Assignment >> Repeat nothing but the lines below running from the one containing "Histogram of all" to the one containing "从电线电缆产业集群来看,我国". Keep both end lines.

Input section start

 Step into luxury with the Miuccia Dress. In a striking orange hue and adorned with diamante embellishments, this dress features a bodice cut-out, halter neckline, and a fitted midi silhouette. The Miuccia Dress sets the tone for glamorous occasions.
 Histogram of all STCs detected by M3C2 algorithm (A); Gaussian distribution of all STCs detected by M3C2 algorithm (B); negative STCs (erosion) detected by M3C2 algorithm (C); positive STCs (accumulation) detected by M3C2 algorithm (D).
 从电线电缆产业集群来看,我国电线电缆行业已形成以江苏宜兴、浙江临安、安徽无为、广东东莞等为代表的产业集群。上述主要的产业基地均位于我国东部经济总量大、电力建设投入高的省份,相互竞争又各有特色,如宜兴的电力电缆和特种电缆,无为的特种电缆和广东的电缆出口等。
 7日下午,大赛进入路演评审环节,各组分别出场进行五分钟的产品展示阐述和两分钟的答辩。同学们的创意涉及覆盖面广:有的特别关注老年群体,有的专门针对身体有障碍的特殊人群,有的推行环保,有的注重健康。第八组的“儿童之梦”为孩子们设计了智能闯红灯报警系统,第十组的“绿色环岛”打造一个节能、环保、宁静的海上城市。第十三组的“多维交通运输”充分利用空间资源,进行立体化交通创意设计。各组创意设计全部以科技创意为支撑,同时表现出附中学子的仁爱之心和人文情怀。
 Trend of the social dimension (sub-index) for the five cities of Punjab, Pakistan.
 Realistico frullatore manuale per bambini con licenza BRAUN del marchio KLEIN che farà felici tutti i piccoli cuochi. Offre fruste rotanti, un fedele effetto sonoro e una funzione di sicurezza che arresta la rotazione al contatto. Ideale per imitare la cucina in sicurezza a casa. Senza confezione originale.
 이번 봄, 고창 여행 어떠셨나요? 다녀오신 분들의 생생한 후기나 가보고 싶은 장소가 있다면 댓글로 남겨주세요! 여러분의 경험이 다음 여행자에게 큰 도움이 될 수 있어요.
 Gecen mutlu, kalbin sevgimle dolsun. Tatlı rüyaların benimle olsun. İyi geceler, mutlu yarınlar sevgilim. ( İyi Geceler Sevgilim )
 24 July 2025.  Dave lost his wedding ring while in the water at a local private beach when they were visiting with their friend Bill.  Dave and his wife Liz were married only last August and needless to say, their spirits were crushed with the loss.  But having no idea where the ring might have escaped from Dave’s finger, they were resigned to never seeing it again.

Input section end

Solution for this exercise >>
 Histogram of all STCs detected by M3C2 algorithm (A); Gaussian distribution of all STCs detected by M3C2 algorithm (B); negative STCs (erosion) detected by M3C2 algorithm (C); positive STCs (accumulation) detected by M3C2 algorithm (D).
 从电线电缆产业集群来看,我国电线电缆行业已形成以江苏宜兴、浙江临安、安徽无为、广东东莞等为代表的产业集群。上述主要的产业基地均位于我国东部经济总量大、电力建设投入高的省份,相互竞争又各有特色,如宜兴的电力电缆和特种电缆,无为的特种电缆和广东的电缆出口等。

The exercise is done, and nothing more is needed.